East Asia's first confirmed outbreak occurred on 1 August in Shenyang, a city in Liaoning province, China's Ministry of Agriculture says. Investigators have traced the disease back through sales of pigs and concluded the virus has been circulating in the area since at least March, says Wantanee Kalpravidh, a veterinarian at the Food and Agriculture Organization's (FAO's) Emergency Centre for Transboundary Animal Disease in Bangkok.
A genetic analysis suggests the virus is closely related to the strain circulating in Russia, scientists from the Institute of Military Veterinary Medicine in Changchun, and other Chinese institutions reported on 13 August in Transboundary and Emerging Diseases. "The increasing demand for pork has resulted in a great increase in the volume of live pigs and pork products imported to China," heightening the risk of introduction, they wrote. The virus probably arrived in imported pork products, Kalpravidh says, which then infected pigs that were fed contaminated table and kitchen scraps.
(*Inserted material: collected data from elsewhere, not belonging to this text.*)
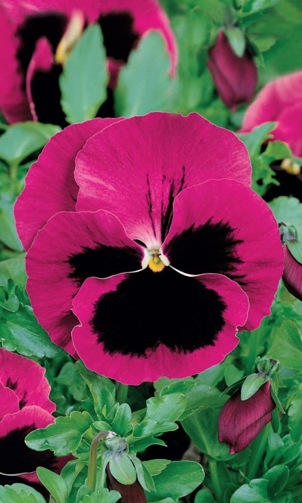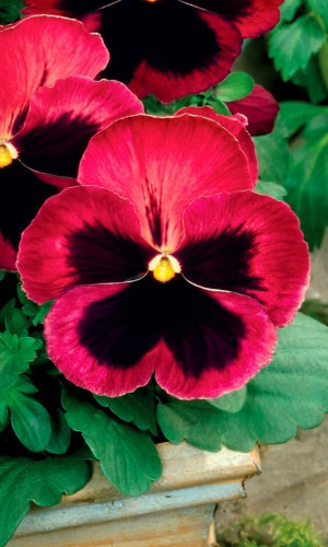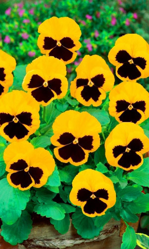Одни из самых любимых садовых цветов. Растение с быстрым ростом, красиво и обильно облиственное, с крупными цветками, сидящими на короткой и твердой цветоножке, высотой 15-20 см. Цветы крупные, трёхцветные. Верхние лепестки красно-бордовые, нижние жёлтые, с чёрными пятнами у...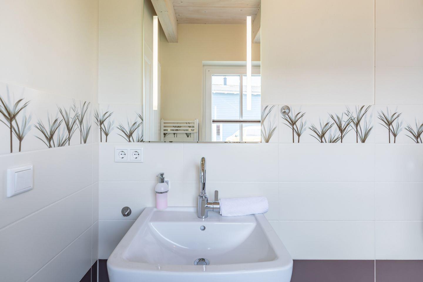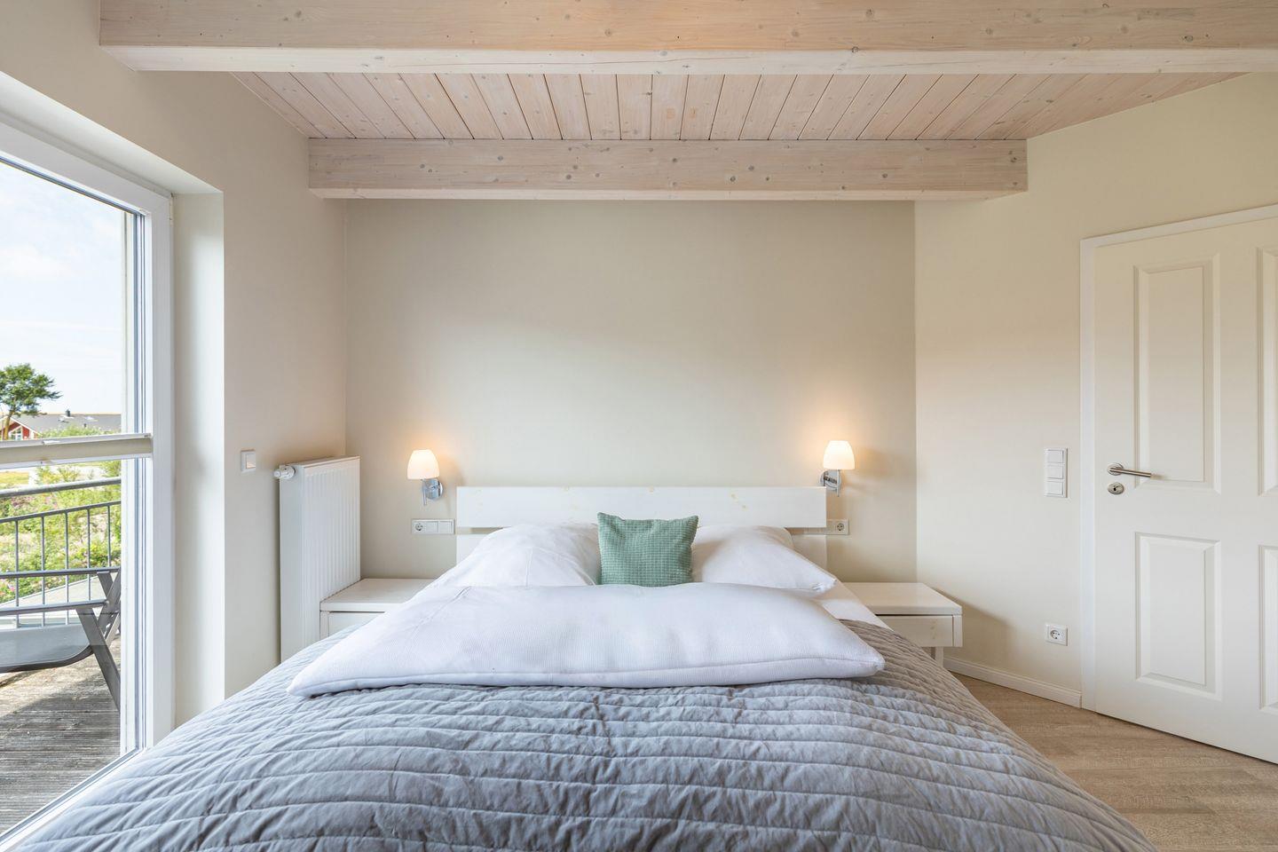 Das zweite Schlafzimmer liegt mit einem Doppelbett mit der Größe von 180x200cm im ersten Obergeschoss. Auf dieser Ebene finden Sie auch das große Badezimmer mit Dusche, Badewanne sowie zwei Waschbecken. Die Sauna rundet das Bild ab und lädt ein zum Verweilen für gemütliche Stunden. Das dritte und vierte Schlafzimmer befinden sich im zweiten Obergeschoss, eines mit jeweils zwei Einzelbetten (90x200cm) und ein weiteres Doppelbett mit der Größe von 180x200cm. Im zweiten Obergeschoss befindet sich noch ein Gäste-WC.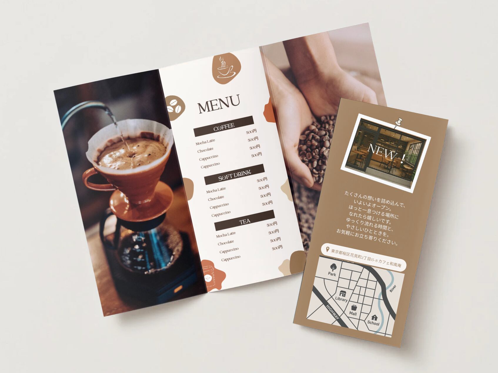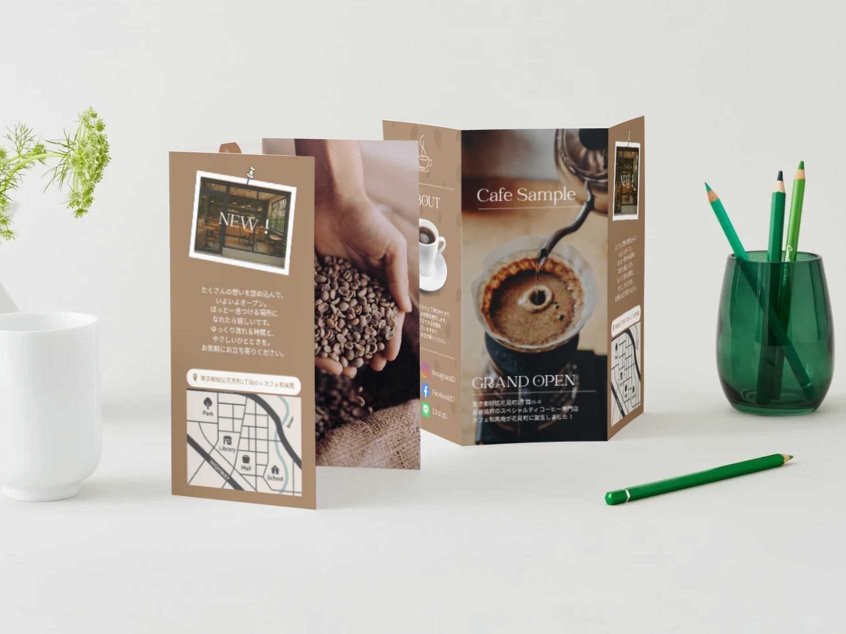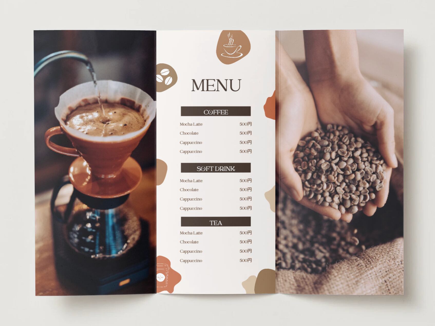 おしゃれなカフェ向け三つ折り冊子テンプレート(Canva対応)をご用意しました。

A second outbreak occurred on 14 August at a slaughterhouse in Zhengzhou, the capital of Henan province; the afflicted pigs had been shipped from a market in Jiamusi, a town in Heilongjiang province, more than 2000 kilometers to the northeast. The virus struck again on 15 August at a farm in Lianyungang, in Jiangsu province. The Chinese government has responded by culling sick and exposed animals -- nearly 9000 were killed in Shenyang alone -- blockading outbreak areas; disinfecting farms, markets, and processing facilities; controlling the movement of live pigs and pork products; screening animals; and conducting epidemiological surveys.
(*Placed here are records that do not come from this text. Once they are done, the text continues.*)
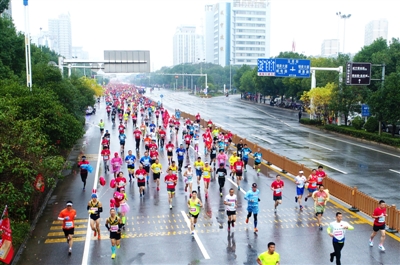 上午8时许,随着“啪”的一声发令枪响,一万多名选手从人民广场快乐出发。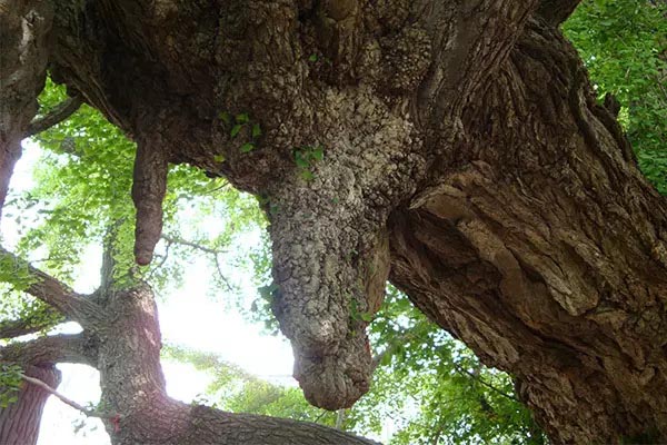 大家一定清晰记得,在那粗如巨梁的侧枝虬干上,生长着许多大大小小的树瘿,就象石钟乳一样悬垂在枝干上。这是一种独特的副根,在当地被称作“膫”(读liao)。当地民间流传的一句歇后语:白果树下扔石头——打撩(膫),就由此而来。据说这棵古老银杏树上的树瘿,如果把它锯下来,解成板,打磨光洁,就会显现出千姿百态的花纹来——行云流水、飞禽走兽、奇峰怪石、花草树木,什么都有。把它镶嵌在红木框架里,就成了官宦豪门厅堂里最珍贵的摆设。可是,神物不可亵渎,不容侵害,否则就要受到天诛。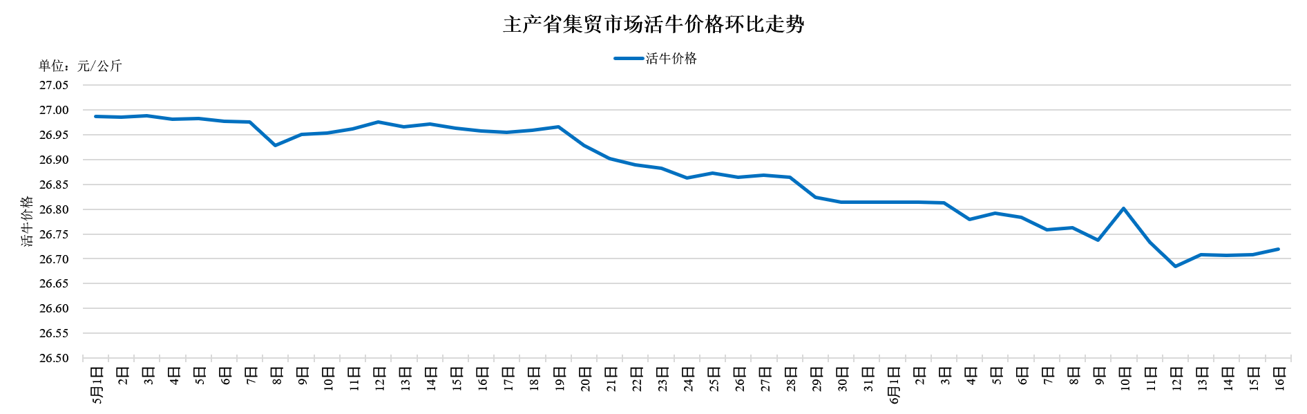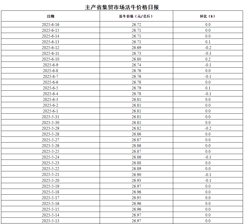 据农业农村部监测,2025年6月16日,主产省集贸市场活牛价格每公斤26.72元,同比上涨13.6%,环比持平。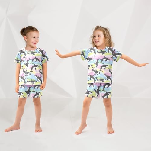 ALAZA Rainbow Dolphin Fish Color Pajamas Short Sleeve 2 Piece Sleepwear Top and Bottom Pajama Set Unisex 6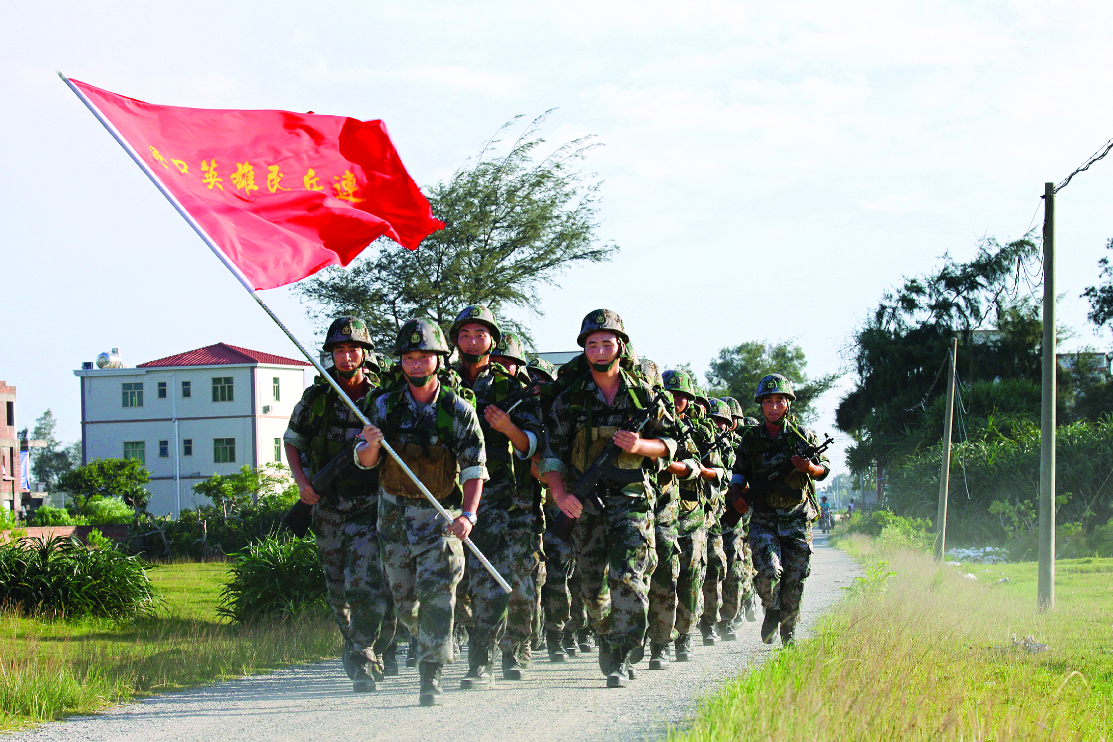 港口英雄民兵連日常訓(xùn)練。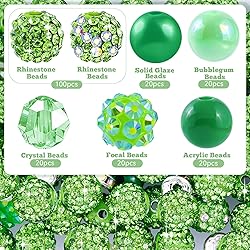 - 300 PCS Wurosi Rhinestone Beads for Jewelry Making, 200 PCS 10mm Crystal Clay Beads, 50 PCS 6mm Pearl Bead, 50 Pcs 8mm Spacer Bead, for DIY Bracelet Necklace Earring Crafting(Green) Rhinestone Beads Specification: The Wurosi crystal beads set contains 100 10mm rhinestone beads, 20 10mm bayberry ball beads, 20 10mm bubble beads, 20 10mm acrylic beads, 20 10mm transparent beads, 20 10mm round beads, 50 6mm pearls beads, 50 8mm spacer beads, a total of 300 diamonds beads for bracelets, sufficient quantity to meet your daily needs, 11 colors to choose from, you can freely match Note: Because the diamond beads are made by machine, there may be some holes that are not threaded properly. You only need to thread them with wire or a sewing needle. It will not affect normal use. Color: Pink, green, red, white, black, grey, yellow, orange, purple, rose red, blue Beads for Jewelry Making Set Contains: 200pcs of 10 mm rhinestone beads (6-7 Style Mix) 50pcs of 8 mm spacer beads (3 Colors Mix) 50pcs of 6 mm pearl beads Widely Used Bling beads can be widely used in bracelets, earrings, necklaces, pendants, pens, holiday decorations,Christmas decorations and so on Note: 1.Please allow a little error on the size due to manual measurement. 2.The color might exist slightly difference due to different displays.

But there are serious challenges to containing the virus. Pig producers in China range from massive, sophisticated operations to small backyard farms; tailoring a response to suit them all "is the biggest challenge for China to control ASF," Yang says. The complexity of the production chain makes tracing paths of infection "an incredible effort to tackle," says Juan Lubroth, chief veterinarian at FAO's headquarters in Rome. Kalpravidh says China is trying to earn the cooperation of producers by immediately compensating them for culled animals, in hopes of stopping them from slaughtering sick pigs and selling their meat. But ticks and wild boar could also spread the disease, although their role is poorly understood.
So far, Lubroth says, China's "very sophisticated and knowledgeable veterinary workforce" has operated aggressively, and the government has been transparent about ASF's spread. But containing ASF "won't happen overnight," he warns.